2. Goyette-Desjardins G, Auger JP, Xu J, Segura M, Gottschalk M. Streptococcus Suis an important pig pathogen and emerging zoonotic agent - an update on the worldwide distribution based on serotyping and sequence typing. Emerging Microbes and Infections. 2014; 3, e45; doi: 10.1038/emi.2014.45
3. Taipa R, Lopes V, Magalhães M. Streptococcus suis meningitis: first case report from Portugal. J Infect 2008; 56:482-483.

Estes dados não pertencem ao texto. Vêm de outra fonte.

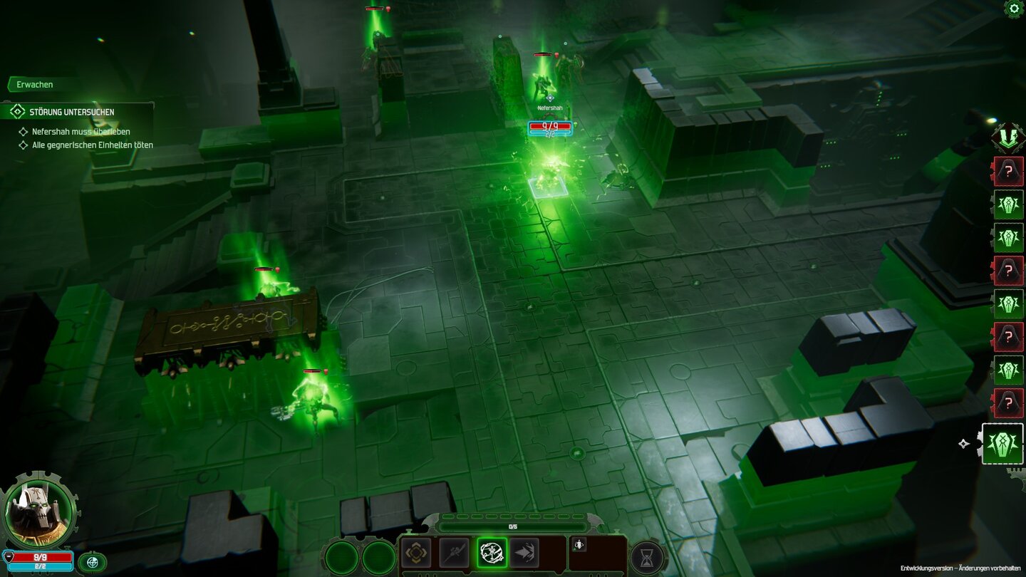 Warum sind Untote so cool? Na, weil sie untot sind! Duh! Die wohl größte Stärker der Necrons in Mechanicus 2 ist wohl das Reanimationsprotokoll. Stirbt eine Einheit zum ersten Mal während des Kampfes, wird sie nach drei vollen Runden wiederbelebt. Liegt eine Einheit bereits mit einem Wiederbelebungs-Countdown am Boden, können die Techpriester erneut auf sie schießen, um so die Wiederauferstehung zu verhindern.
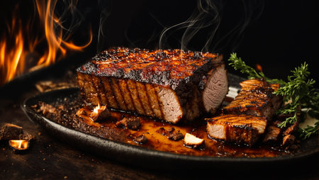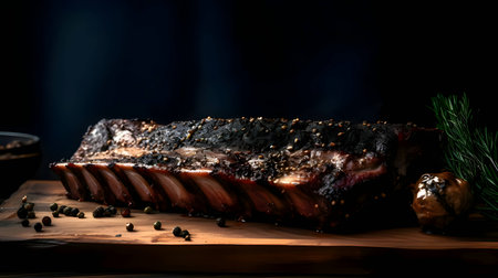 The aroma of smoked beef on a wooden board with herbs filled the air. Creating using generative AI tools
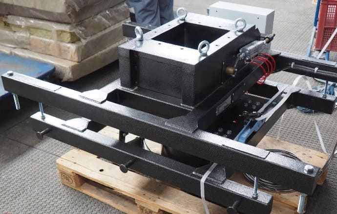 Для использования транспортера применяется дополнительная установочная рама с механизмом подъема мешка для наполнения и последующей установкой мешка на конвейер.

4. Pereira A, Lecour H, Sarmento A, Candeias J, Costa A, Pereira C. Meningitis caused by Streptococcus Suis type II. Arq Med. 1989; 3:135-136.
5. Pinto I, Caixinha J, Castro V, Marques A, Fonseca A. Vera J. Infecção por Streptococcus Suis: uma causa rara de meningite no homem. Rev Port Doenc Infec 2005; 2:34-45.
6. Seixas D, Lebre A, Crespo P, Ferreira E, Serra JE, Cunha JGS. Meningite bacteriana aguda como doença ocupacional. Acta Med Port 2014; 27(4):519-521.
7. Huang Y, Teng L, Ho S, Hsuch P. Streptococcus suis infection. J Microbiol Immunol Infect 2005; 38: 306-313.
8. Huong V, HA N, Huy N, Horby P, Nghia H, Thiem V et al. Epidemiology, Clinical Manifestations, and Outcomes of Streptococcus suis Infection in Humans. Emerg Infect Dis 2014; 20(7):1105-1114.
9. Srifuengfung S. Streptococcus suis Infection. Siriraj Med J 2009; 61:334-338.
10. Samkar A, Brouwer M, Schultsz C, Ende A, Beek D. Streptcoccus suis Meningitis: A Systematic Review and Meta-analysis. PLOS Neg Trop Dis 2015; 9: e0004191. doi: 10.
11. Huh H, Park K, Jang J, Lee M, Lee J, Ahn Y at al. Streptococcus suis Meningitis with Bilateral Sensorineural Hearing Loss. Korean J Lab Med 2011; 31:205-211.
12. Dominguez-Punaro MC, Koedel U, Hoegen T, Demel C et al. Severe cochlear inflammation and vestibular syndrome in an experimental model of Streptococcus suis infection in mice. Eur J Clin Microbiol Infect Dis 2012; 31:2391-2400.